1. **\( f(x) = |\sin(x)| \)**: 
   - This graph will have the same shape as the sine function, but all the negative parts of the sine wave will be reflected above the x-axis, making all values non-negative.
   
2. **\( f(x) = \sin(|x|) \)**:
   - This function is the sine of the absolute value of \(x\), meaning it mirrors the sine wave around the y-axis. For negative values of \(x\), it will behave as if \(x\) were positive.

Now let's compare the graphs:
- **Left graph**: The sine wave looks mirrored around the x-axis, with all negative values made positive. This matches the behavior of \( f(x) = |\sin(x)| \).
  
- **Right graph**: The graph is symmetric around the y-axis, which is the characteristic of \( f(x) = \sin(|x|) \).

### Conclusion:
- **Left graph** corresponds to \( f(x) = |\sin(x)| \).
- **Right graph** corresponds to \( f(x) = \sin(|x|) \).

Would you like further details on these functions or any follow-up questions?
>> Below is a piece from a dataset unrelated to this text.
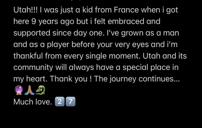 在你们的见证下,我成长为一个男人,一个球员,每一刻我都心存感激。犹他州和这里的社区将永远在我心中占据特殊的位置。谢谢你们,旅程仍在继续。太多的爱!”

Here are 5 related questions to expand your understanding:
1. How does the graph of \( f(x) = \sin(x) \) differ from \( f(x) = |\sin(x)| \)?
2. What is the period of \( f(x) = \sin(|x|) \)?
3. How would you graph \( f(x) = \cos(|x|) \)?
4. What happens to \( f(x) = \sin(x) \) when the absolute value is applied to both \(x\) and \( \sin(x) \)?
5. Can you explain how symmetry around the x-axis and y-axis affects the graph?

**Tip**: When analyzing absolute value functions, observe how they alter both the negative and positive portions of a graph, reflecting or mirroring different parts.

Combine the functions f(x) = |sin(x)| and f(x) = sin(|x|) with their corresponding graphs.

Understand how to match f(x) = |sin(x)| and f(x) = sin(|x|) to their corresponding graphs. This problem covers concepts of trigonometric and absolute value functions, as well as symmetry and graph transformations.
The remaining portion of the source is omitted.